Shop: Many rescues have signed on with affiliate programs that allow you to click through to your favorite online shops (Amazon, for example) and whatever you buy will earn a percentage of the sale for the rescue.
(Not Your Typical) Donation: Shelters always have a “wish list” of things that they need that might be sitting around your house, unused. Blankets, towels, and sheets, for example, are always a hot items in shelters, and always in short supply. Operation Blankets of Love collects these items (and others) to distribute to needy shelters. Or, you can collect all of your unused linens and drop them off at the local shelter yourself. Rescues can also use your unused dog food and treat coupons.
Social Media: Facebook and Twitter have becoming a valuable networking hub for pets in need. Does your local shelter have a Facebook page where they post their adoptable animals and events? All you have to do is click “share.” If you do it just once a day, you won’t annoy your friends and you may help to save a life. Some people put up “crossposter” pages where all they do is post adoptable animals. Friend some of these people so that you can share what they’re posting. One Twitter page that helps animals is AdoptAPet – follow them and share their posts.

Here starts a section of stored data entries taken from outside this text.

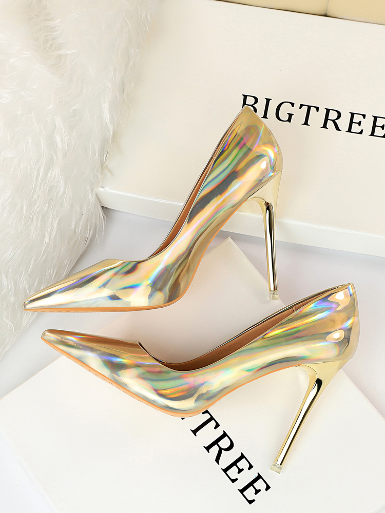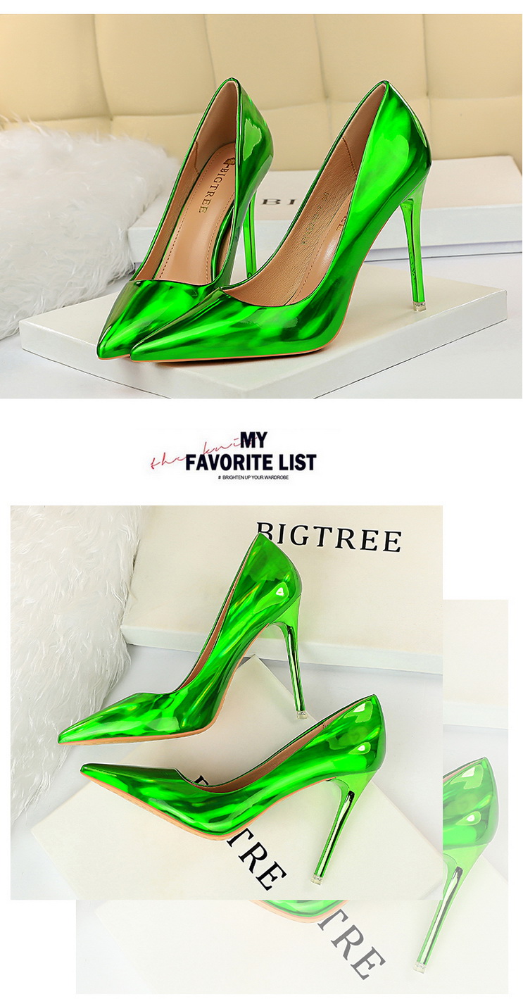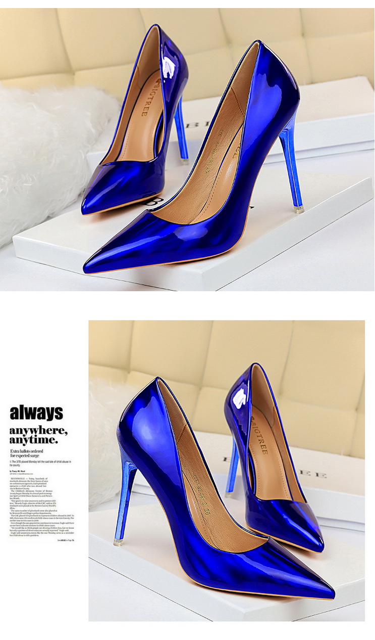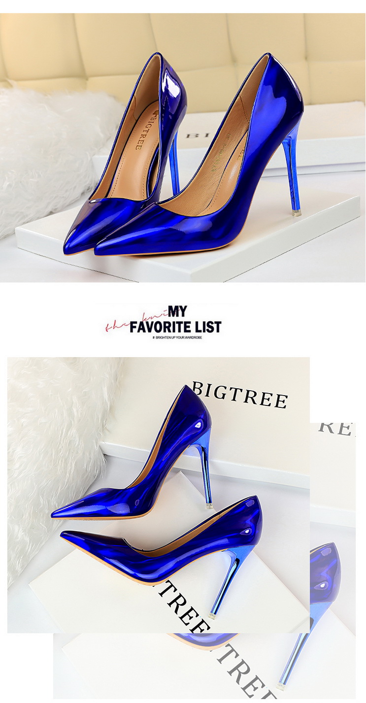 European and American shiny leather metal heel super high heels women stiletto shiny patent leather pointed toe sexy banquet nightclub large size single shoes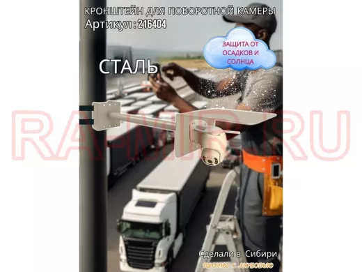 Заказать звонокКронштейн на столб для поворотной камеры с козырьком и вылетом 50 см "HIWOLL-216404" серый, сталь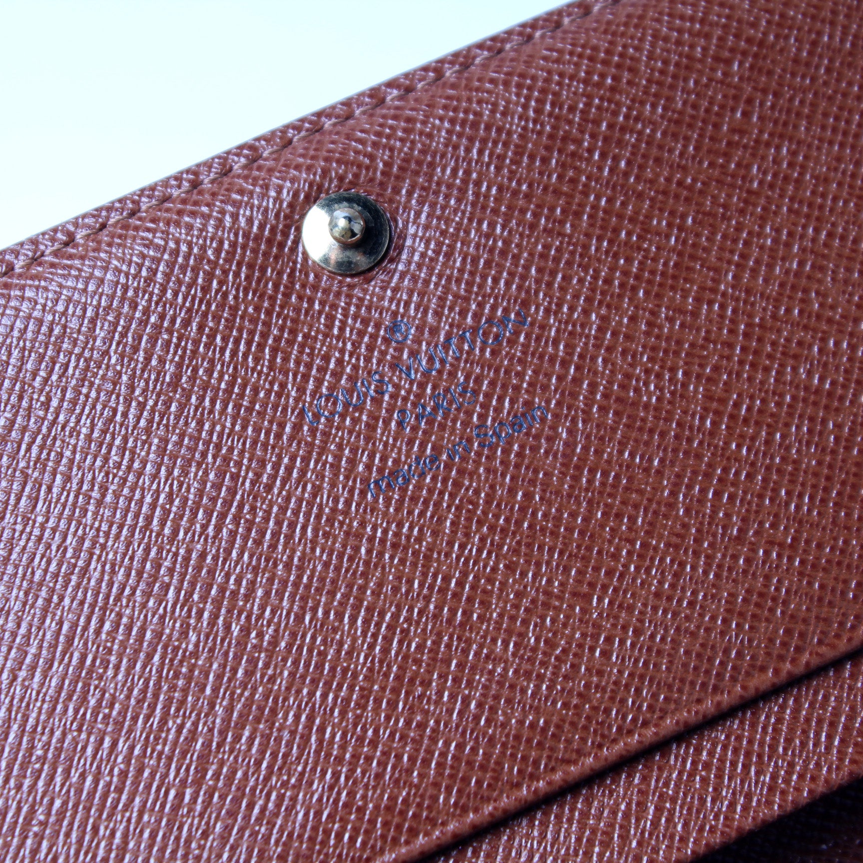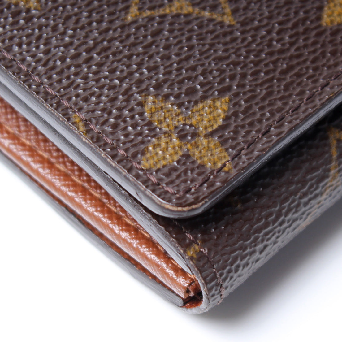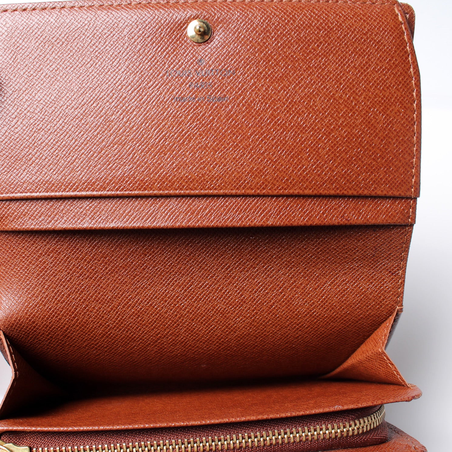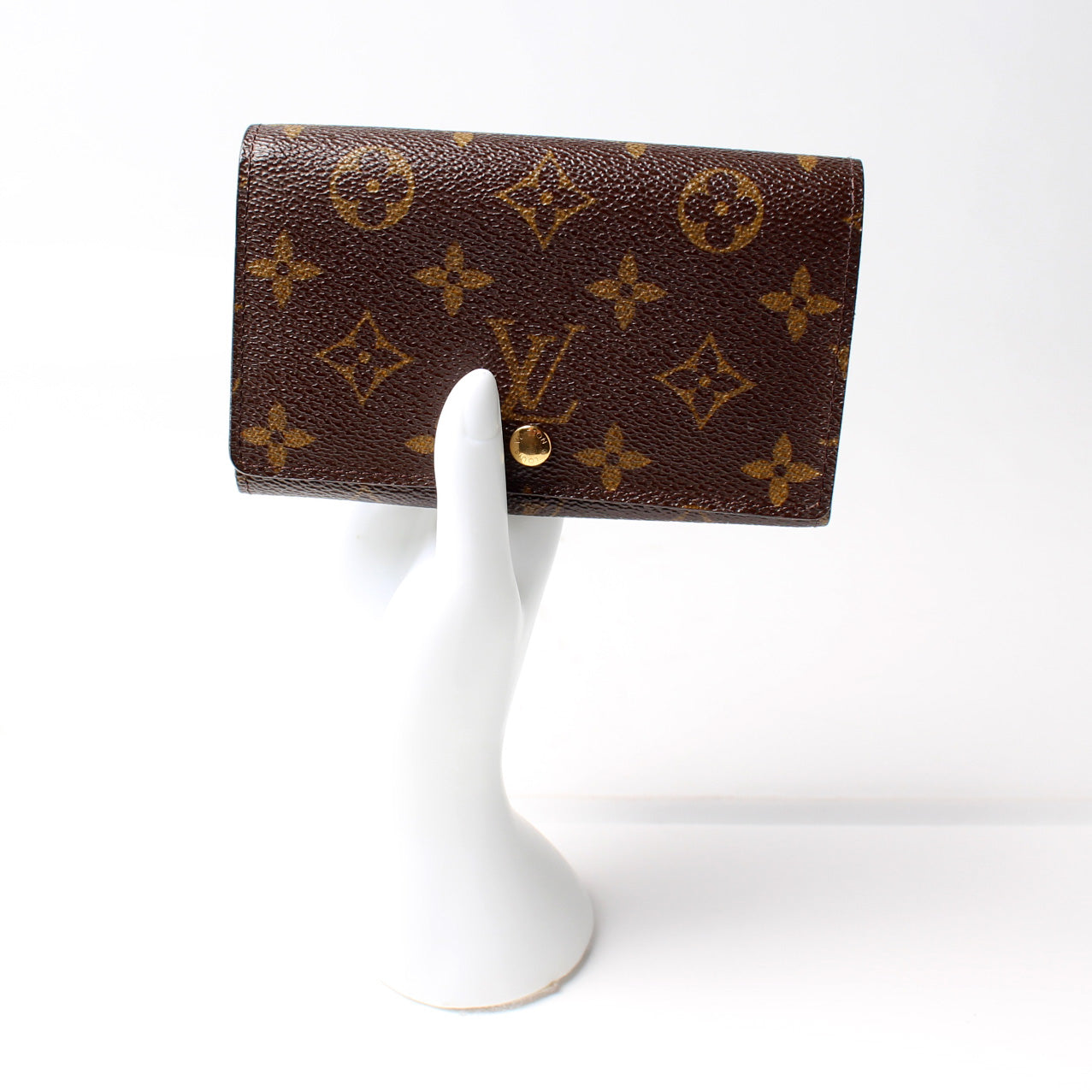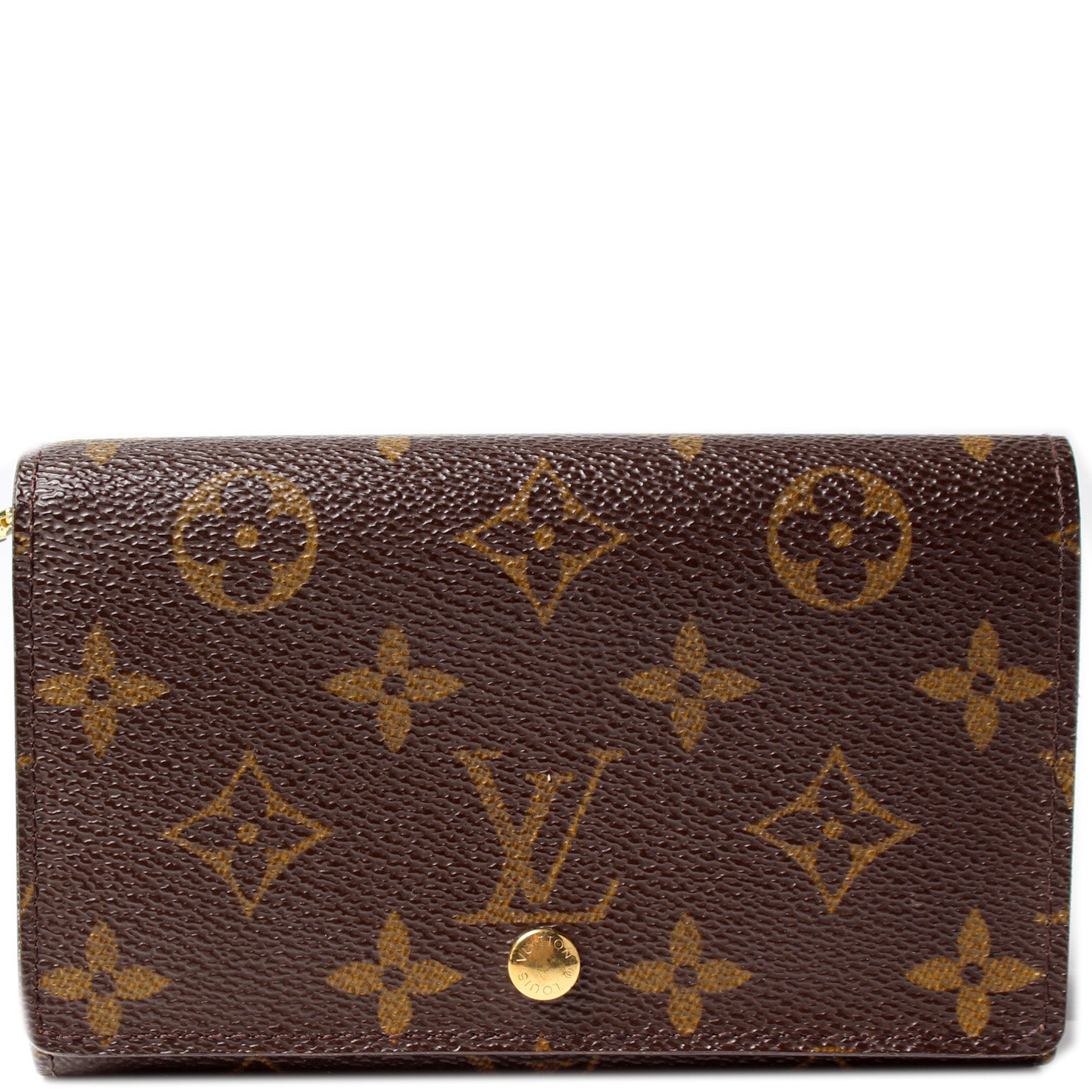 This pre-owned Louis Vuitton Porte Monnaie Billets Tres is guaranteed 100% authentic. The exterior is in the classic Louis Vuitton Monogram coated canvas.

Prevention: Preventing a dog from entering the shelter system is a blessing. Some people can’t afford to feed their pets, especially at this tough time – that’s where pet food banks come in. They exist all over the country. You can find a few at the Save Our Pets Food Bank’s site or Google “pet food bank” along with your city and see what comes up. Then donate your pet food coupons to them, or buy an extra bag of dog food each time you shop and drop it off there. Or, maybe you can find someone in your area in need and help them directly.
If you have a few extra bucks in your pocket, how about “adopting” someone else’s pet and help pay for their medical needs? What a kind and wonderful thing to do if you can afford it. How about sponsoring a spay/neuter for a needy family, who otherwise might allow their dog to make puppies? Every kind soul should have the right to know the love of a dog, but sometimes it’s hard to make ends meet. Helping a family keep a dog makes a huge impact for both the family and the dog, who now will not have to die in a shelter.